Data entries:
┌──

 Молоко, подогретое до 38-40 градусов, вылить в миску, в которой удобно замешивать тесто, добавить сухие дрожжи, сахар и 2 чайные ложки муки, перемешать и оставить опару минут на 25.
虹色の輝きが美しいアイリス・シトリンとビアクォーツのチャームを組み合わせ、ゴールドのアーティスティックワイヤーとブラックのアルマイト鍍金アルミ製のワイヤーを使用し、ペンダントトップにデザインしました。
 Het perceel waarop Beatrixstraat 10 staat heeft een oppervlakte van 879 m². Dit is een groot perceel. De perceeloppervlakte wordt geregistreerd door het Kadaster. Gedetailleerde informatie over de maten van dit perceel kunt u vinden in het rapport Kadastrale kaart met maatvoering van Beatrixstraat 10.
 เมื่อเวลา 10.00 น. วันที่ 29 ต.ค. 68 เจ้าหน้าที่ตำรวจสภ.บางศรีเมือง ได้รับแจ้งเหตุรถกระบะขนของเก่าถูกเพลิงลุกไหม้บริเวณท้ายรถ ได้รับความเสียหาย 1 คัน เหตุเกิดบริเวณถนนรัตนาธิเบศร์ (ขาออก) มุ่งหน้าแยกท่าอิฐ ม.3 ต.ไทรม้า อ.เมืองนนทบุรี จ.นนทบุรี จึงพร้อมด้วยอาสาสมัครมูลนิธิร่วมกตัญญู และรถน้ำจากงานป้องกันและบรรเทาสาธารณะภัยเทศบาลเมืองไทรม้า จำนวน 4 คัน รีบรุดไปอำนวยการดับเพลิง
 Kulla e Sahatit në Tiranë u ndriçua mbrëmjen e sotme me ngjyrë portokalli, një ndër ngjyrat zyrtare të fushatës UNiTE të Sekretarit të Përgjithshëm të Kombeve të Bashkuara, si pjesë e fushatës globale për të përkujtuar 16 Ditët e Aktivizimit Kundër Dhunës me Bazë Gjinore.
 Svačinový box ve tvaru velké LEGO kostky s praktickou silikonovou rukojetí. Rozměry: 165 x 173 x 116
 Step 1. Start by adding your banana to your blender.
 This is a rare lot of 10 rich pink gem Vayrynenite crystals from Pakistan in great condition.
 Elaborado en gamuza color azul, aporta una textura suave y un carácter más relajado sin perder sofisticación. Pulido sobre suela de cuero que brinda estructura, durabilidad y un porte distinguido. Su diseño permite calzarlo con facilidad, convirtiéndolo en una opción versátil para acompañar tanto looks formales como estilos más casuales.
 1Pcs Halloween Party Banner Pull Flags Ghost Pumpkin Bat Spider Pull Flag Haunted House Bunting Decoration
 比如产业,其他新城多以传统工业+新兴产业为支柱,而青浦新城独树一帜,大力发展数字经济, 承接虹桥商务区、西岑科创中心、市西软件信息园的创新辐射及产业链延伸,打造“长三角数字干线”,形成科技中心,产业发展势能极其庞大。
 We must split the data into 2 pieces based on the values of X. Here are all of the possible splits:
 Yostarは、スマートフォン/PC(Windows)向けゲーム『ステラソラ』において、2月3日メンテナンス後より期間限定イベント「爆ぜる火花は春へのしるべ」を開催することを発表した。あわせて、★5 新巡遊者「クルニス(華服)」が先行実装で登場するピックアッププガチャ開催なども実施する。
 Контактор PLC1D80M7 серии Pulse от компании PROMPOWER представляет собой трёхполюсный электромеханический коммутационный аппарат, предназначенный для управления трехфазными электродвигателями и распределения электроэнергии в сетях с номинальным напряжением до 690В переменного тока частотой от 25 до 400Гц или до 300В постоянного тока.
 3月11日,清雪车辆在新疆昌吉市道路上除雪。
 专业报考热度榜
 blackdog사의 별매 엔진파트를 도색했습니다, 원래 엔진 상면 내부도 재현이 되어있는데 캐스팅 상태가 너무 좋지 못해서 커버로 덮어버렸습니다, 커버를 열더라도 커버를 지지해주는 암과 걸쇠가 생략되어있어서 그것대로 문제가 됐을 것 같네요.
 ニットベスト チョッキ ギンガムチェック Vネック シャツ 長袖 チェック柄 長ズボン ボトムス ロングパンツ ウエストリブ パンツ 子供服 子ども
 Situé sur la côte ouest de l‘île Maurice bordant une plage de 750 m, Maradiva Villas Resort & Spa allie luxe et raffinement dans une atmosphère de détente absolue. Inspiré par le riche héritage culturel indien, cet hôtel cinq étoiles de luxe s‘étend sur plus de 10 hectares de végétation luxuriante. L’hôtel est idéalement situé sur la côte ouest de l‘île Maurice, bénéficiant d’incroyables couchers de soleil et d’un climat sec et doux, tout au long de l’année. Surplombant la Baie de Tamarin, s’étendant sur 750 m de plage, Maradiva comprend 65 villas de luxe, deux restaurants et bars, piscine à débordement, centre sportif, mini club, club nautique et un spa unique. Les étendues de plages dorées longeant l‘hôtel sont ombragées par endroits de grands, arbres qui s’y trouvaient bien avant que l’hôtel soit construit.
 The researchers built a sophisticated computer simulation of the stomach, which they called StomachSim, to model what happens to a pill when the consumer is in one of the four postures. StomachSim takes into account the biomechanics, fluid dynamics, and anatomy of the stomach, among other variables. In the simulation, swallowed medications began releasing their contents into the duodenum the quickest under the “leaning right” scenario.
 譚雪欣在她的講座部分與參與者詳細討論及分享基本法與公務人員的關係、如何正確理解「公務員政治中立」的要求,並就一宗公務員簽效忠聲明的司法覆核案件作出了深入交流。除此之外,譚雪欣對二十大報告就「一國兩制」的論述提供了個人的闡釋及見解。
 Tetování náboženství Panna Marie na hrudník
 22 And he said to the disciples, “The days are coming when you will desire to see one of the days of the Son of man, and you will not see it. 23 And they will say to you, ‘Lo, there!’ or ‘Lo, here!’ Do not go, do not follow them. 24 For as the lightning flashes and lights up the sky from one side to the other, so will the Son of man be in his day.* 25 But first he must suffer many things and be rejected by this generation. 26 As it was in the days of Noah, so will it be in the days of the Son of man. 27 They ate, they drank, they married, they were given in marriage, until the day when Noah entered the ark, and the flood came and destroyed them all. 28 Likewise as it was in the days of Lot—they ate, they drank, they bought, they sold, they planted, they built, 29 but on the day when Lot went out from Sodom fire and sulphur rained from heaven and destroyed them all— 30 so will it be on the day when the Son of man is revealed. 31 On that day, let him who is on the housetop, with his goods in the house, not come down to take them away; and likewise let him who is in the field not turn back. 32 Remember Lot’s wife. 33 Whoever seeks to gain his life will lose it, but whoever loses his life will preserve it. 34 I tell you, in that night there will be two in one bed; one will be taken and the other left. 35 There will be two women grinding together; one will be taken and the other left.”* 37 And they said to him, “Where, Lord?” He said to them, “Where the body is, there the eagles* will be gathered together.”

└──

EXERCISE OBJECTIVE:
Repeat back the data above, exact to the last character.

REPLY:
 Молоко, подогретое до 38-40 градусов, вылить в миску, в которой удобно замешивать тесто, добавить сухие дрожжи, сахар и 2 чайные ложки муки, перемешать и оставить опару минут на 25.
虹色の輝きが美しいアイリス・シトリンとビアクォーツのチャームを組み合わせ、ゴールドのアーティスティックワイヤーとブラックのアルマイト鍍金アルミ製のワイヤーを使用し、ペンダントトップにデザインしました。
 Het perceel waarop Beatrixstraat 10 staat heeft een oppervlakte van 879 m². Dit is een groot perceel. De perceeloppervlakte wordt geregistreerd door het Kadaster. Gedetailleerde informatie over de maten van dit perceel kunt u vinden in het rapport Kadastrale kaart met maatvoering van Beatrixstraat 10.
 เมื่อเวลา 10.00 น. วันที่ 29 ต.ค. 68 เจ้าหน้าที่ตำรวจสภ.บางศรีเมือง ได้รับแจ้งเหตุรถกระบะขนของเก่าถูกเพลิงลุกไหม้บริเวณท้ายรถ ได้รับความเสียหาย 1 คัน เหตุเกิดบริเวณถนนรัตนาธิเบศร์ (ขาออก) มุ่งหน้าแยกท่าอิฐ ม.3 ต.ไทรม้า อ.เมืองนนทบุรี จ.นนทบุรี จึงพร้อมด้วยอาสาสมัครมูลนิธิร่วมกตัญญู และรถน้ำจากงานป้องกันและบรรเทาสาธารณะภัยเทศบาลเมืองไทรม้า จำนวน 4 คัน รีบรุดไปอำนวยการดับเพลิง
 Kulla e Sahatit në Tiranë u ndriçua mbrëmjen e sotme me ngjyrë portokalli, një ndër ngjyrat zyrtare të fushatës UNiTE të Sekretarit të Përgjithshëm të Kombeve të Bashkuara, si pjesë e fushatës globale për të përkujtuar 16 Ditët e Aktivizimit Kundër Dhunës me Bazë Gjinore.
 Svačinový box ve tvaru velké LEGO kostky s praktickou silikonovou rukojetí. Rozměry: 165 x 173 x 116
 Step 1. Start by adding your banana to your blender.
 This is a rare lot of 10 rich pink gem Vayrynenite crystals from Pakistan in great condition.
 Elaborado en gamuza color azul, aporta una textura suave y un carácter más relajado sin perder sofisticación. Pulido sobre suela de cuero que brinda estructura, durabilidad y un porte distinguido. Su diseño permite calzarlo con facilidad, convirtiéndolo en una opción versátil para acompañar tanto looks formales como estilos más casuales.
 1Pcs Halloween Party Banner Pull Flags Ghost Pumpkin Bat Spider Pull Flag Haunted House Bunting Decoration
 比如产业,其他新城多以传统工业+新兴产业为支柱,而青浦新城独树一帜,大力发展数字经济, 承接虹桥商务区、西岑科创中心、市西软件信息园的创新辐射及产业链延伸,打造“长三角数字干线”,形成科技中心,产业发展势能极其庞大。
 We must split the data into 2 pieces based on the values of X. Here are all of the possible splits:
 Yostarは、スマートフォン/PC(Windows)向けゲーム『ステラソラ』において、2月3日メンテナンス後より期間限定イベント「爆ぜる火花は春へのしるべ」を開催することを発表した。あわせて、★5 新巡遊者「クルニス(華服)」が先行実装で登場するピックアッププガチャ開催なども実施する。
 Контактор PLC1D80M7 серии Pulse от компании PROMPOWER представляет собой трёхполюсный электромеханический коммутационный аппарат, предназначенный для управления трехфазными электродвигателями и распределения электроэнергии в сетях с номинальным напряжением до 690В переменного тока частотой от 25 до 400Гц или до 300В постоянного тока.
 3月11日,清雪车辆在新疆昌吉市道路上除雪。
 专业报考热度榜
 blackdog사의 별매 엔진파트를 도색했습니다, 원래 엔진 상면 내부도 재현이 되어있는데 캐스팅 상태가 너무 좋지 못해서 커버로 덮어버렸습니다, 커버를 열더라도 커버를 지지해주는 암과 걸쇠가 생략되어있어서 그것대로 문제가 됐을 것 같네요.
 ニットベスト チョッキ ギンガムチェック Vネック シャツ 長袖 チェック柄 長ズボン ボトムス ロングパンツ ウエストリブ パンツ 子供服 子ども
 Situé sur la côte ouest de l‘île Maurice bordant une plage de 750 m, Maradiva Villas Resort & Spa allie luxe et raffinement dans une atmosphère de détente absolue. Inspiré par le riche héritage culturel indien, cet hôtel cinq étoiles de luxe s‘étend sur plus de 10 hectares de végétation luxuriante. L’hôtel est idéalement situé sur la côte ouest de l‘île Maurice, bénéficiant d’incroyables couchers de soleil et d’un climat sec et doux, tout au long de l’année. Surplombant la Baie de Tamarin, s’étendant sur 750 m de plage, Maradiva comprend 65 villas de luxe, deux restaurants et bars, piscine à débordement, centre sportif, mini club, club nautique et un spa unique. Les étendues de plages dorées longeant l‘hôtel sont ombragées par endroits de grands, arbres qui s’y trouvaient bien avant que l’hôtel soit construit.
 The researchers built a sophisticated computer simulation of the stomach, which they called StomachSim, to model what happens to a pill when the consumer is in one of the four postures. StomachSim takes into account the biomechanics, fluid dynamics, and anatomy of the stomach, among other variables. In the simulation, swallowed medications began releasing their contents into the duodenum the quickest under the “leaning right” scenario.
 譚雪欣在她的講座部分與參與者詳細討論及分享基本法與公務人員的關係、如何正確理解「公務員政治中立」的要求,並就一宗公務員簽效忠聲明的司法覆核案件作出了深入交流。除此之外,譚雪欣對二十大報告就「一國兩制」的論述提供了個人的闡釋及見解。
 Tetování náboženství Panna Marie na hrudník
 22 And he said to the disciples, “The days are coming when you will desire to see one of the days of the Son of man, and you will not see it. 23 And they will say to you, ‘Lo, there!’ or ‘Lo, here!’ Do not go, do not follow them. 24 For as the lightning flashes and lights up the sky from one side to the other, so will the Son of man be in his day.* 25 But first he must suffer many things and be rejected by this generation. 26 As it was in the days of Noah, so will it be in the days of the Son of man. 27 They ate, they drank, they married, they were given in marriage, until the day when Noah entered the ark, and the flood came and destroyed them all. 28 Likewise as it was in the days of Lot—they ate, they drank, they bought, they sold, they planted, they built, 29 but on the day when Lot went out from Sodom fire and sulphur rained from heaven and destroyed them all— 30 so will it be on the day when the Son of man is revealed. 31 On that day, let him who is on the housetop, with his goods in the house, not come down to take them away; and likewise let him who is in the field not turn back. 32 Remember Lot’s wife. 33 Whoever seeks to gain his life will lose it, but whoever loses his life will preserve it. 34 I tell you, in that night there will be two in one bed; one will be taken and the other left. 35 There will be two women grinding together; one will be taken and the other left.”* 37 And they said to him, “Where, Lord?” He said to them, “Where the body is, there the eagles* will be gathered together.”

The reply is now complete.